## TASK INSTRUCTIONS:
The data should be written out in full, exactly as it stands, and the pictures dropped.

## COLLECTED DATA:
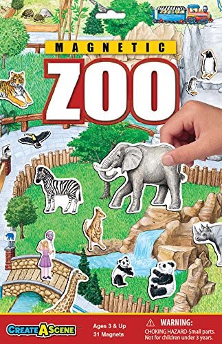 Playmonster Create-A-Scene Magnetic Zoo Playset ToyAre you ready for some new scenery? Has the same old view got you down? Go on your own adventure with Create-A-Scene! Spend hours exploring new places and discovering new things! Use your imagination to craft a fantastical journey or just a simple everyday activity. The choice is yours when you play with Create-A-Scene! Create-A-Scene playsets feature large magnetic play-boards that fold in half for easy storage. And, with a clear, resilient coating, cleanup is a breeze! Kids will love the fun, while parents love the mess-free quiet playtime! Children will exercise their imaginations for hours with this magnetic playset that encourages storytelling, promote problem-solving skills, and build skills in sequencing. The 18" x 14" play board folds in half and is sealed with a clear, resilient coating to make cleanup easier. The vinyl, waterproof magnetic playing pieces provide extra hold. -
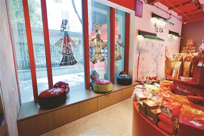体验店在“八少女”喷泉东侧,是一间以古铜和朱砂红为主色调的小木屋,窗户上贴着皮影戏剪纸,屋里挂着古色古香的灯笼和红色帷幔,展示架上摆放着鎏金铜器、天竺筷、双面绣团扇等非遗产品,像个小型非遗博物馆。
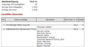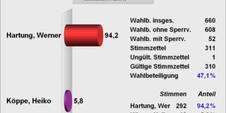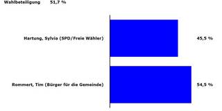 Mehr als die Hälfte der abgegebenen gültigen Stimmen entfallen auf den Bewerber Tim Rommert.

## SOLVED PROBLEM:
 Playmonster Create-A-Scene Magnetic Zoo Playset ToyAre you ready for some new scenery? Has the same old view got you down? Go on your own adventure with Create-A-Scene! Spend hours exploring new places and discovering new things! Use your imagination to craft a fantastical journey or just a simple everyday activity. The choice is yours when you play with Create-A-Scene! Create-A-Scene playsets feature large magnetic play-boards that fold in half for easy storage. And, with a clear, resilient coating, cleanup is a breeze! Kids will love the fun, while parents love the mess-free quiet playtime! Children will exercise their imaginations for hours with this magnetic playset that encourages storytelling, promote problem-solving skills, and build skills in sequencing. The 18" x 14" play board folds in half and is sealed with a clear, resilient coating to make cleanup easier. The vinyl, waterproof magnetic playing pieces provide extra hold. -
体验店在“八少女”喷泉东侧,是一间以古铜和朱砂红为主色调的小木屋,窗户上贴着皮影戏剪纸,屋里挂着古色古香的灯笼和红色帷幔,展示架上摆放着鎏金铜器、天竺筷、双面绣团扇等非遗产品,像个小型非遗博物馆。
 Mehr als die Hälfte der abgegebenen gültigen Stimmen entfallen auf den Bewerber Tim Rommert.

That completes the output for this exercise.